Stefan Jachmich climbing the ice flake to cross a monster crevasse on the crux of Peak 1333.
© Phil Wickens, Feb 2013
The mountain that dominates the area is the pyramidal Valiente Peak, whose exact height has been questioned on several occasions. Using a day of thick fog to move camp up the glacier to below Valiente's north face, the Alpine Club team skied through cloud to arrive on the summit of an un-named 2032m dome-shaped mountain in perfect weather above a sea of cloud. Four of the team then traversed the mountain to make the first ascent of Valiente Peak (2270m) via the east ridge. After a superb ski descent we then had to cross back over Peak 2032, making this a very long and tiring day.
After another day of thick cloud on the Belgica Glacier the expedition was rewarded with their first totally cloudless day, during which they made the first ascent of Peak 1475m via its north side. After a fairly steep ski ascent, a short ice face and snow ridge led to the summit pyramid which was climbed easily to the top.

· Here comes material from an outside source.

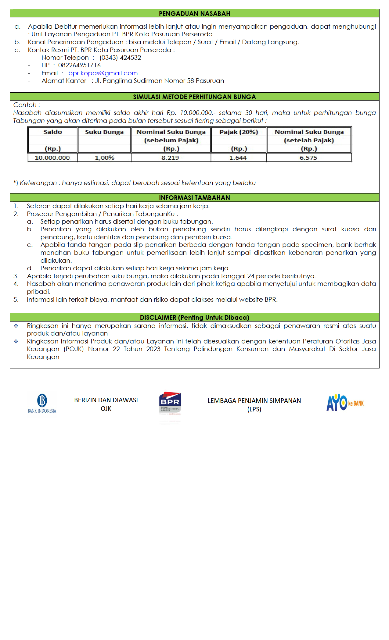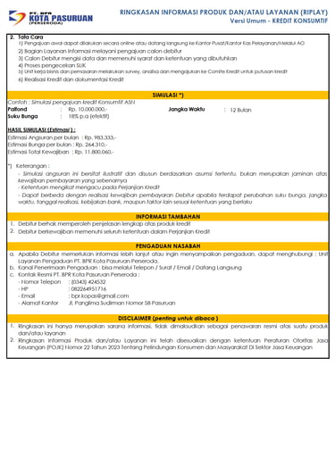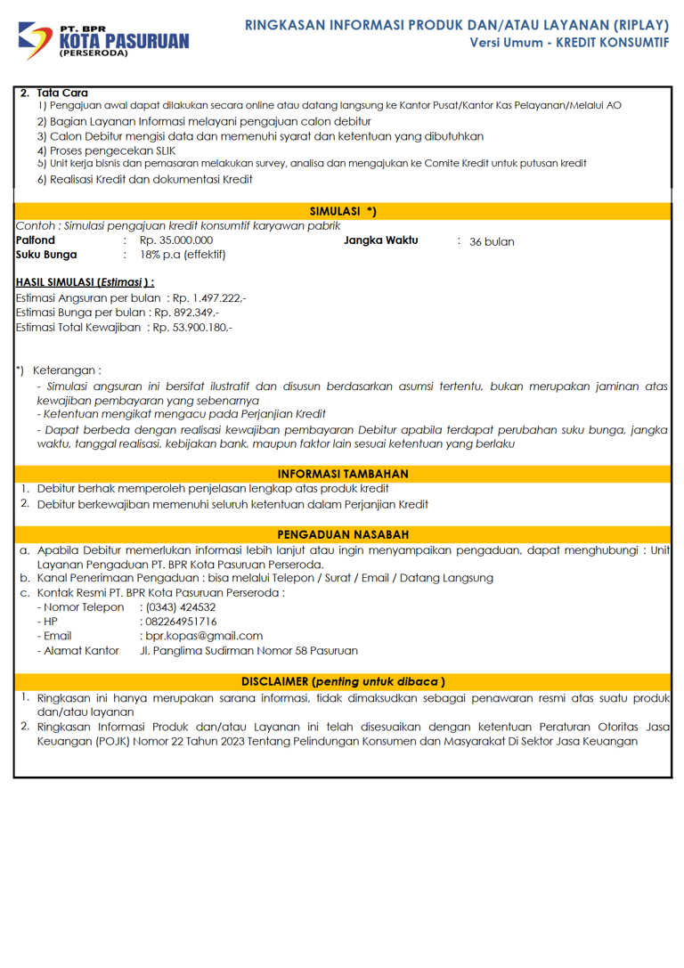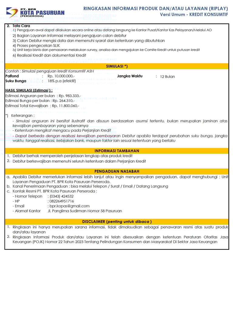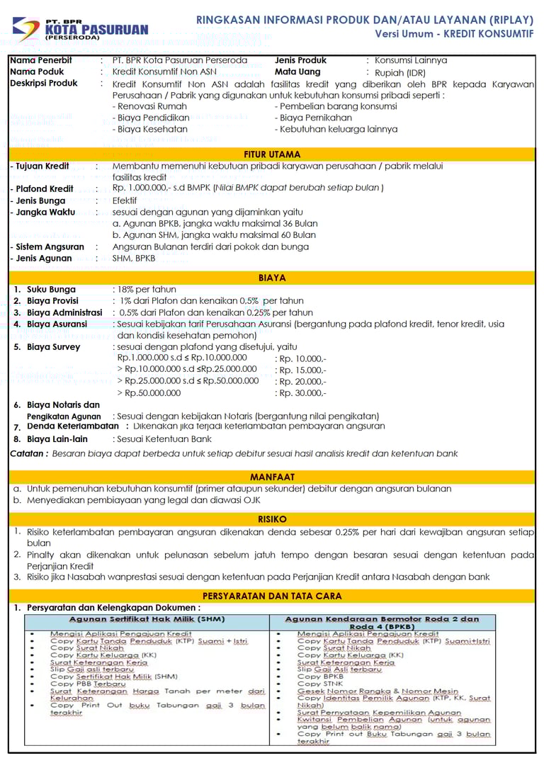 Kredit Konsumtif adalah fasilitas kredit PT. BPR Kota Pasuruan yang diperuntukkan bagi pegawai (ASN, POLRI, TNI) dan karyawan perusahaan (BUMN, BUMD, dan Perusahaan Lainnya) yang mempunyai penghasilan tetap. Kredit Konsumtif juga dapat diperuntukan Pegawai Kontrak / PHL dengan jangka waktu sesuai dengan masa kerja.
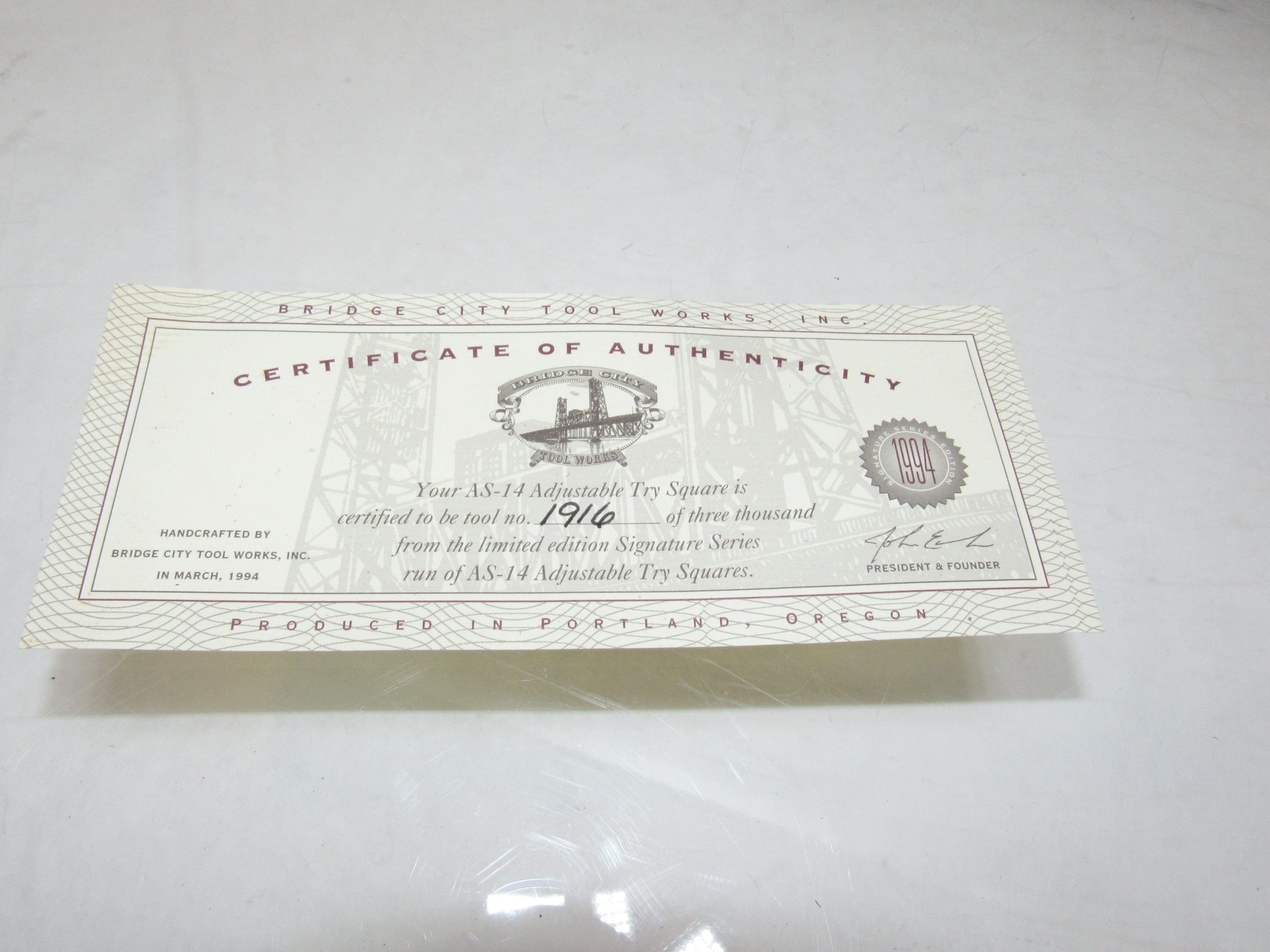 Bridge City Tool AS-14 Adjustable Try Square In Original Box Made In USA 1994

The team then decided to return to the yacht in order to attempt the SE side of Mt Rio Branco, unaware that on the same day it was successfully climbed from the north by a French team led by Antoine Cayrol. While returning to the yacht the Alpine Club team summited the east and west summits of Lancaster Hill (642m and 616m).
Westerly winds and heavy precipitation made it too dangerous to attempt Mt Rio Branco or any further peaks to the south and so the expedition headed to Paradise Harbour. With very strong winds forecast in the Drake Passage later in the week the team decided to return to South America while winds were still favourable, and to spend their final few days on the coast of the Cordillera Darwin.
The Alpine Club Antarctic Expedition was supported by the Alpine Club, Mount Everest Foundation, Julie Tullis award and Helsport Tents, whose support was invaluable.